#### Input for this task
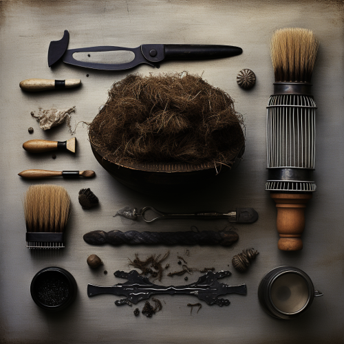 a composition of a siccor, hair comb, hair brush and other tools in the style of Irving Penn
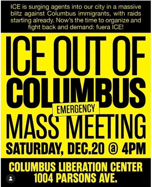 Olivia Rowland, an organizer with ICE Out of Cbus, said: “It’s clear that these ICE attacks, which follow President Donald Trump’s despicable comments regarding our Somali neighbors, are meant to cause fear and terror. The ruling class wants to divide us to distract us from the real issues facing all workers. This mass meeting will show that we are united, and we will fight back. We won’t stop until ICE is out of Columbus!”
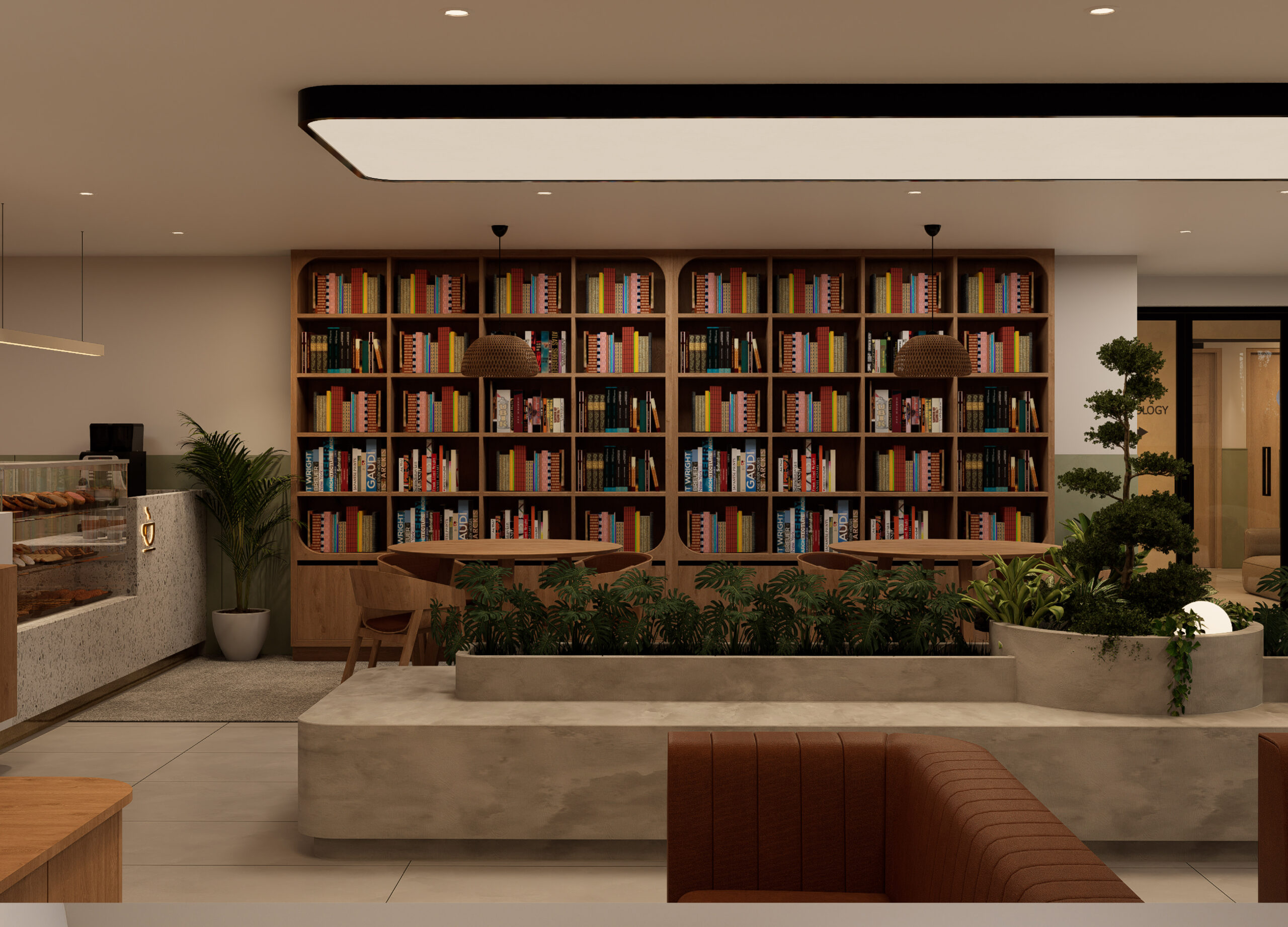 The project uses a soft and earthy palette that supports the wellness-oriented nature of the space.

==

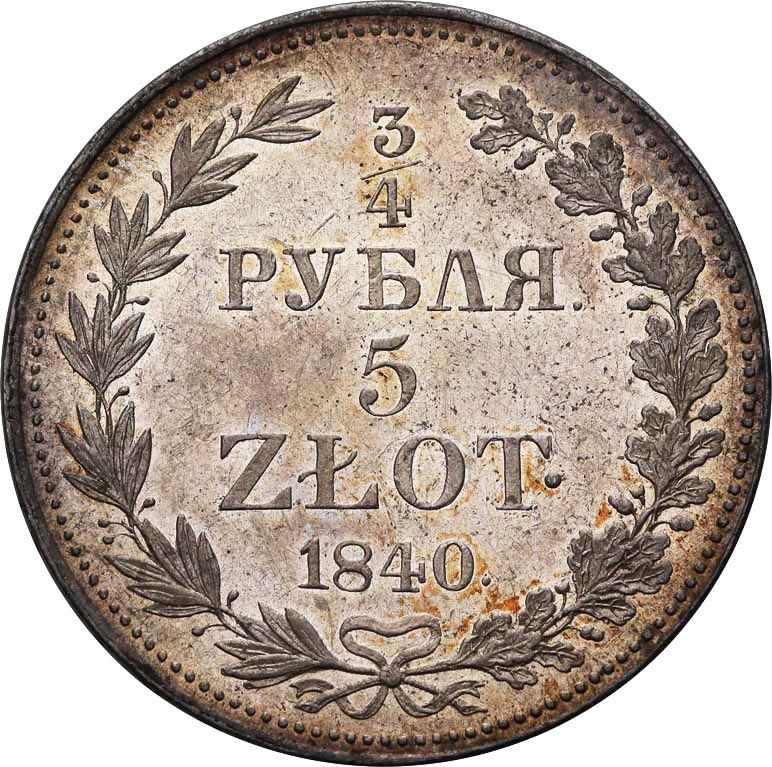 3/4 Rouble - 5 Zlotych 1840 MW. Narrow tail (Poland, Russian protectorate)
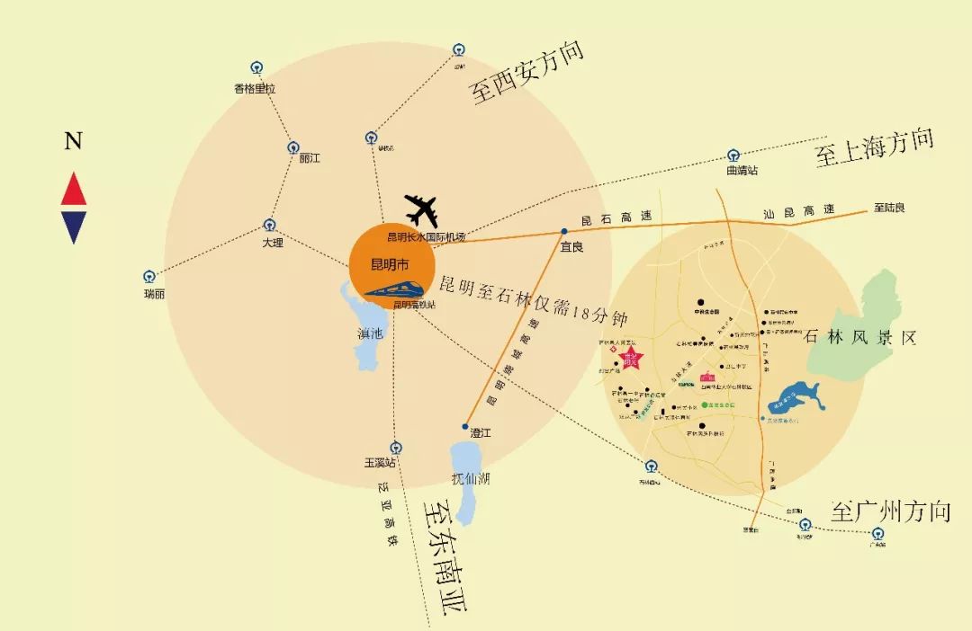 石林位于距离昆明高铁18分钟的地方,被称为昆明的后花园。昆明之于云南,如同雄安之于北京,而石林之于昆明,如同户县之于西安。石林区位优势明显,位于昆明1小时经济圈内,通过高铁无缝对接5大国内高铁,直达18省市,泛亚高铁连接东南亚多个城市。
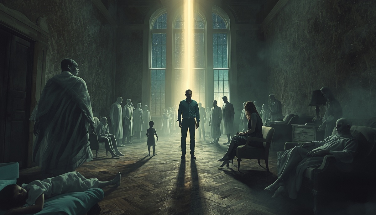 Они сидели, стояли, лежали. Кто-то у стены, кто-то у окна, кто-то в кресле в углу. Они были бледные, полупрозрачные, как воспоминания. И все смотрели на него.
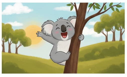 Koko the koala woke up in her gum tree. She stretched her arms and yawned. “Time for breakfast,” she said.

#### Required work
Using the records above, print exactly the run of lines that starts with the line with "a composition of" and goes on through the line with "The project uses", pictures excluded.

#### Response below
 a composition of a siccor, hair comb, hair brush and other tools in the style of Irving Penn
 Olivia Rowland, an organizer with ICE Out of Cbus, said: “It’s clear that these ICE attacks, which follow President Donald Trump’s despicable comments regarding our Somali neighbors, are meant to cause fear and terror. The ruling class wants to divide us to distract us from the real issues facing all workers. This mass meeting will show that we are united, and we will fight back. We won’t stop until ICE is out of Columbus!”
 The project uses a soft and earthy palette that supports the wellness-oriented nature of the space.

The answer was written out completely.